A major opportunity exists for better utilising the raw RF data. This data is generally converted to an image and processed, while other processing methods can be formulated specifically for data of this nature (Bodnariuc et al. 2015). The original RF signal contains more information than the B-mode images. This information can be used to precondition the data (Yeom et al. 2014a), to address some of the inherent ultrasound imaging issues highlighted in Sect. 4.2. Alternatively, this information can be used to extract specific details. In the original paper by Kim et al. (2004a), the possibility of using harmonic imaging was already explored. Contrast microbubbles non-linearly oscillate in response to ultrasound of certain frequencies. By isolating the second harmonic in the recorded data, Kim et al. could enhance the signal from the microbubbles and suppress other signals (e.g. reflections at the original frequency).
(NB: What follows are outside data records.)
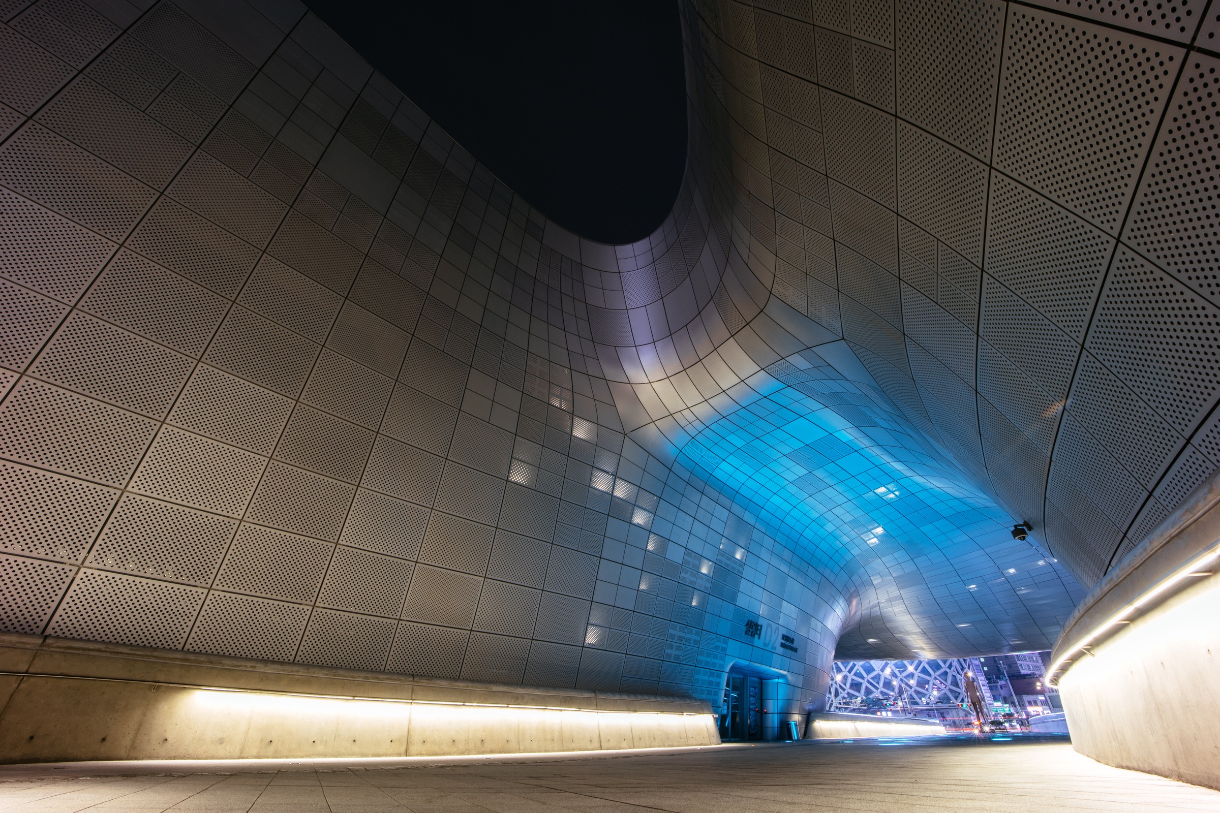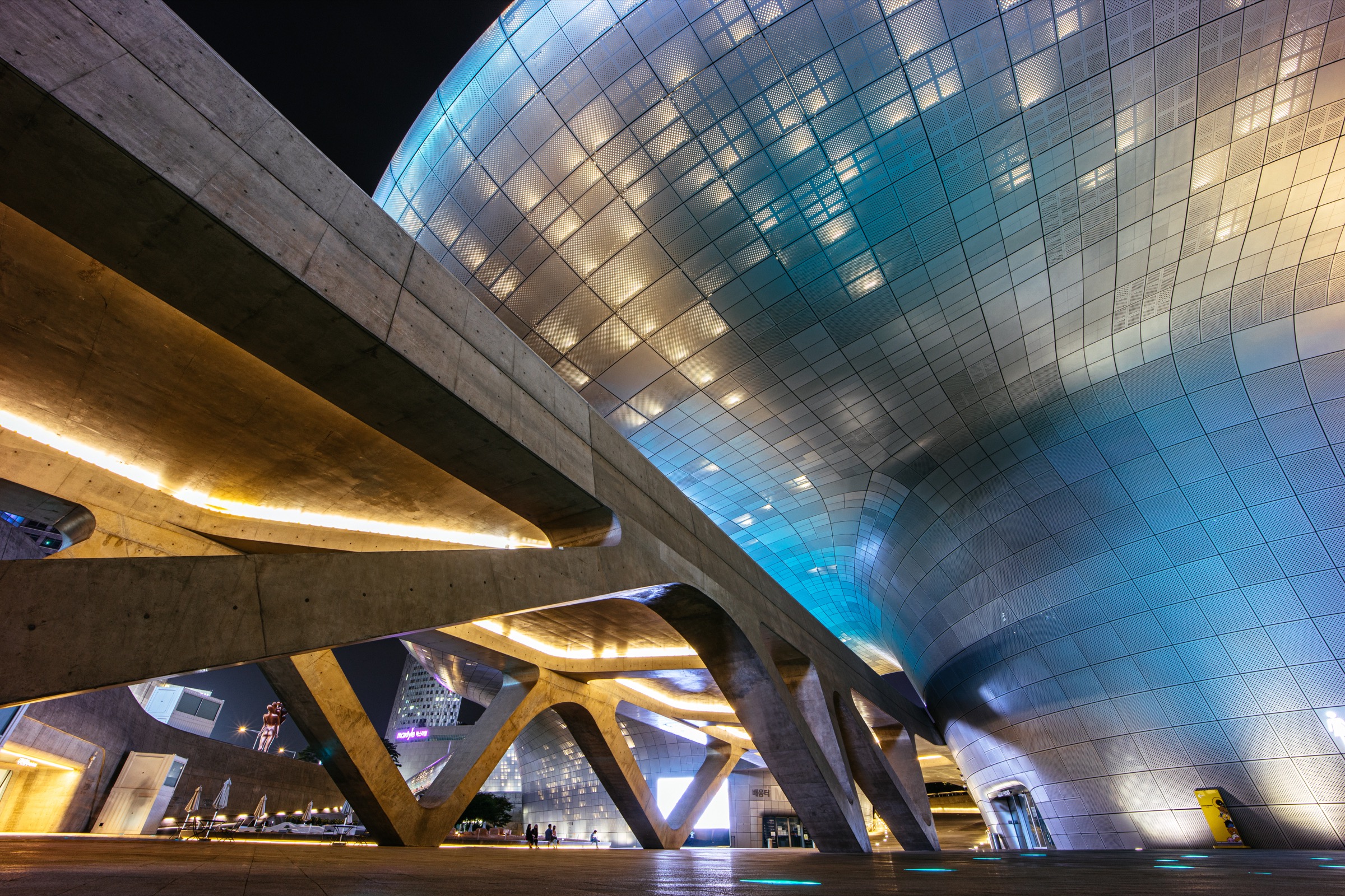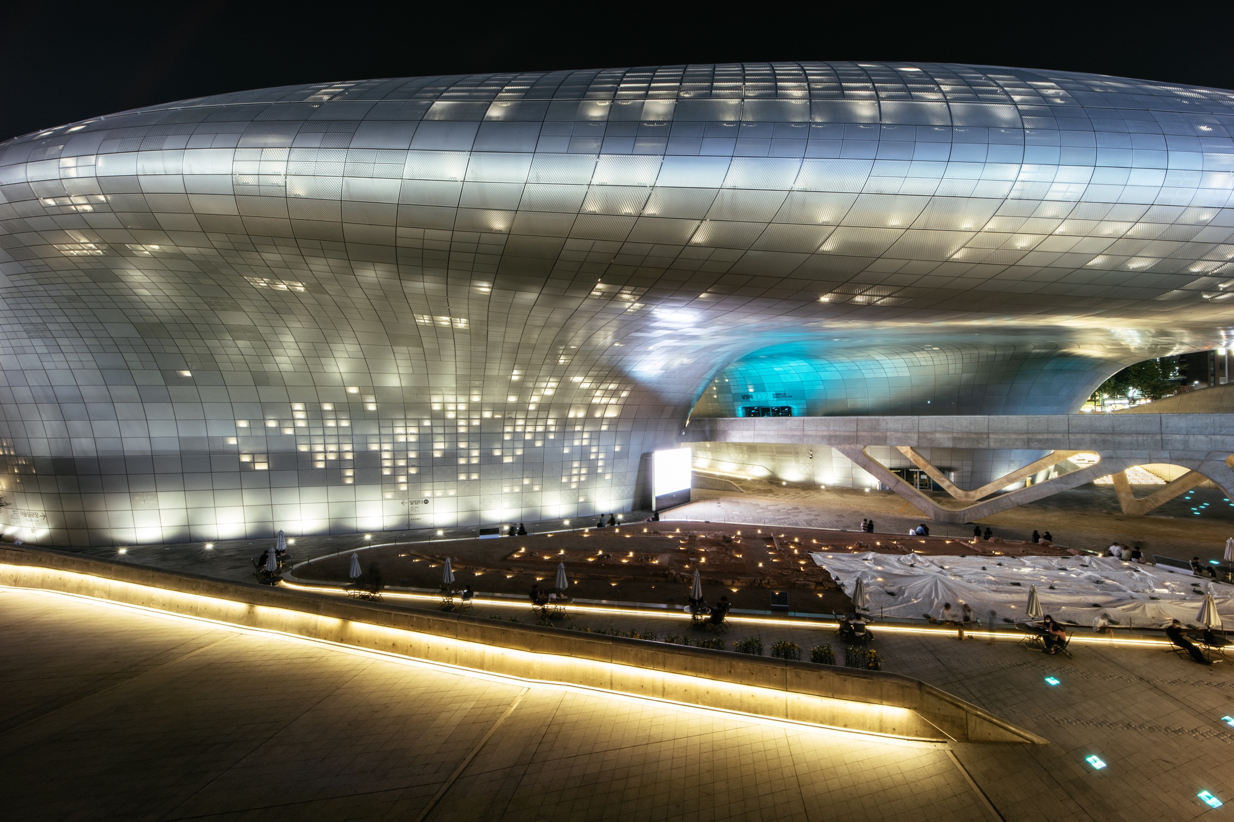 14mm 초광각의 매력은 풍경보다 오히려 이런 거대한 건축물을 찍을 때 도드라졌습니다. 표준-광각 렌즈로는 담을 수 없던 풍경이 프레임 안에 여유롭게 담기니 그 위력을 실감하게 되더군요. EOS R과 삼양 AF 14mm F2.8 RF 렌즈, 그리고 한 뼘 정도 길이의 미니 삼각대로 단촐한 구성이었지만 24mm 렌즈로 담을 수 없는 DDP 전경을 한 장에 다 담을 수 있었습니다. 건축물이 아름다운 유럽 여행에 초광각 렌즈가 필수라는 이야기를 많이 들었는데, 그간 애써 무시하며 여행했지만 경험해보니 인정하게 됩니다. 물론 주변부 왜곡에 대한 호불호가 갈리겠지만요.
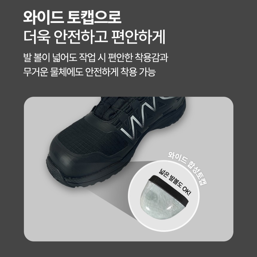 엑스트라 와이드 토캡이 적용되어 토박스 부분이
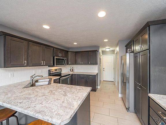 3 bedrooms on same level! You will love this modern twin home, with a master suite, fenced yard, and spacious kitchen! The main level is bright and open and features a spacious family room with large windows, and tons of natural light. The kitchen has lots of cabinet storage, a breakfast bar, stainless steel appliances, subway tile back-splash, and tiled floors. Just off of the kitchen is the dining area, that walks out to the patio, and privacy fenced yard with sprinkler system. Also on the main level is the laundry room, and ½ bath. The upper level features 3 bedrooms and 2 full baths, including the 14 x 13 master suite with full bath and walk-in closet. The other two bedrooms also feature walk-in closets for lots of storage space. This twin-home is super cute, and sits on a quiet cul-de-sac in SW Sioux Falls!
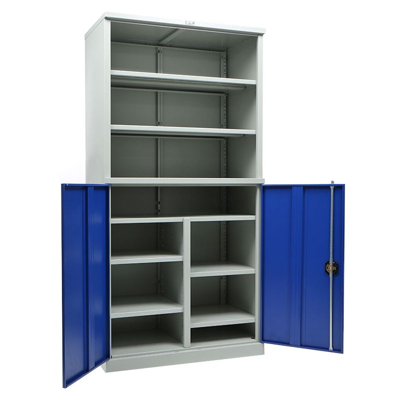 cерый полуматовый (RAL 7038), двери синие (RAL 5002)
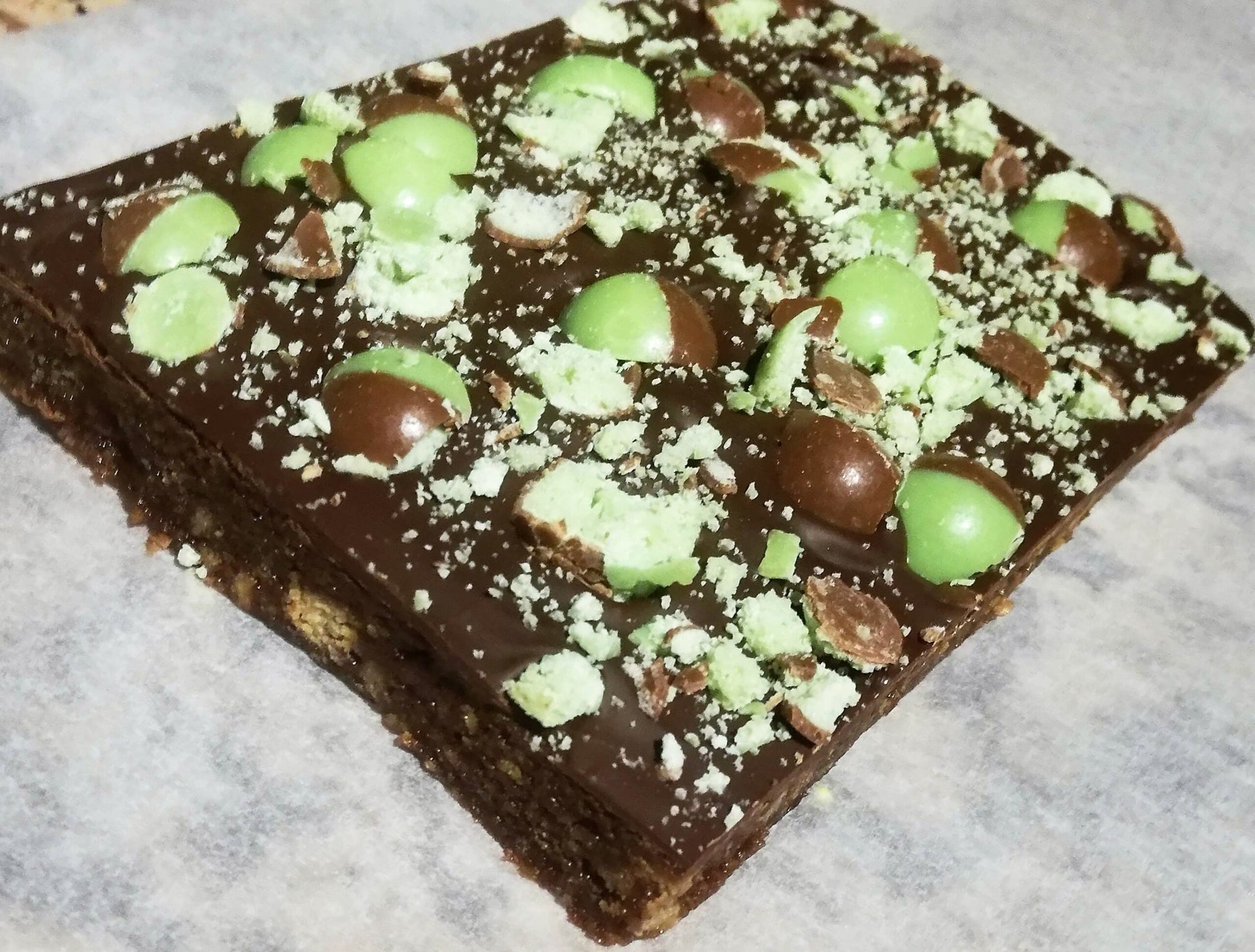 Our soft chocolatey biscuity base topped with a generous layer of creamy dark mint chocolate and finished lots of lovely Aero pieces!
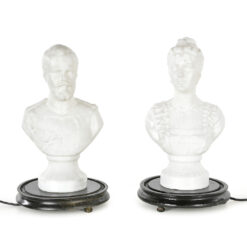 Paire de bustes publicitaires en opaline – Bonbons John Tavernier transformés en lampes d’appoint
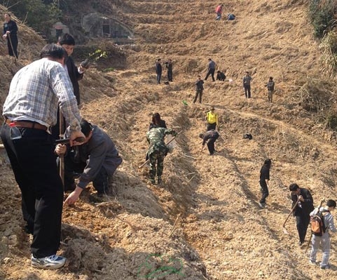 此次種植的是油茶小苗,為了提高樹苗的成活率,專門請(qǐng)來(lái)當(dāng)?shù)剞r(nóng)民,詳細(xì)講解種植的步驟、間距等種植要點(diǎn)及注意事項(xiàng)。隨后,大家兩人一組,興致高昂地開始了種樹,挖穴、種苗、填土……經(jīng)過(guò)一個(gè)小時(shí)的緊張勞動(dòng),500多株油茶樹就種好了。
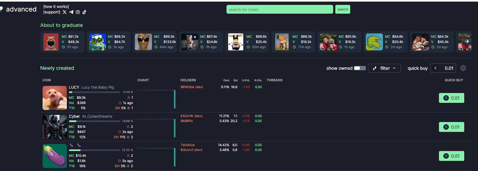 • возможность быстро создавать собственные мем-токены на базе Pump.fun.
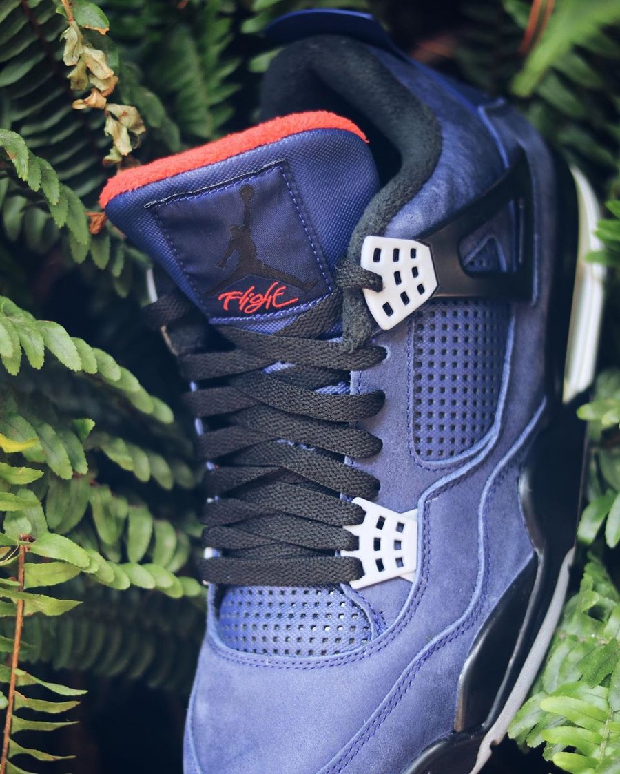 深邃午夜蓝注入细腻皮革,搭配珊瑚粉鞋舌与灰色篮网造型鞋带扣,与阿姆 Air Jordan 4 的视觉元素一脉相传。

Apart from a better signal-to-noise ratio, this strategy has also been suggested to measure both the fluid and dispersed phase in particle-laden flows (Gurung and Poelma 2016), similar to the use of fluorescent particles in optical PIV.

Two recent major technological developments in echography will benefit UIV: plane-wave imaging and matrix transducers. Plane-wave imaging allows the acquisition of images with frame rates in the kHz range. UIV benefits from this development, as it enables measurement in faster flows (Rodriguez et al. 2013; Gallot et al. 2013; Leow et al. 2015). Furthermore, it enables the use of sliding correlation averaging in temporally oversampled data. As the signal-to-noise ratio in UIV is generally rather low, averaging results over a number of frames will drastically improve the data quality in transient flows (Poelma et al. 2011). Matrix transducers, i.e. transducers with a grid of elements, have been introduced to obtain 3D/4D image data. In combination with UIV this allows 3D flow measurement without the need to scan plane by plane. A drawback is the even lower frame rate compared to linear transducers. Furthermore, the number of elements is usually limited to avoid excessively expensive electronics. A feasibility study based on synthetic data was reported by Gao et al. (2013) and the first demonstration in practice has also been presented (Falahatpisheh and Kheradvar 2014).

Currently, most applications focus on cardiovascular flows. This is understandable, considering the history of the technique. However, there are a myriad of other applications that can benefit from UIV. These range from studies of sediment transport to flows of cosmetics, food products, or other complex fluids. The studies summarised in this review show that UIV can be an accessible, reliable flow measurement technique; it is therefore likely only a question of time before the technique finds its way to a wider audience.

7 Supplemental data

7.1 Movie S1

This movie shows the acoustic streaming effect: by using a high powered ultrasound signal (at 10 MHz), a flow is generated, pushing the fluid and Vestosint tracers away from the transducer (located outside the frame, on the top). The field-of-view is approximately 4 × 4 cm2 and the maximum velocity is approximately 1 cm/s. The data was acquired at 31 fps.

Also shown is the effect of using three focal points while acquiring images. The transition from the merged regions is indicated by the yellow triangle. Particles can be seen to ‘hop’ from one region to the other, as the three focal regions are not recorded simultaneously, but sequentially.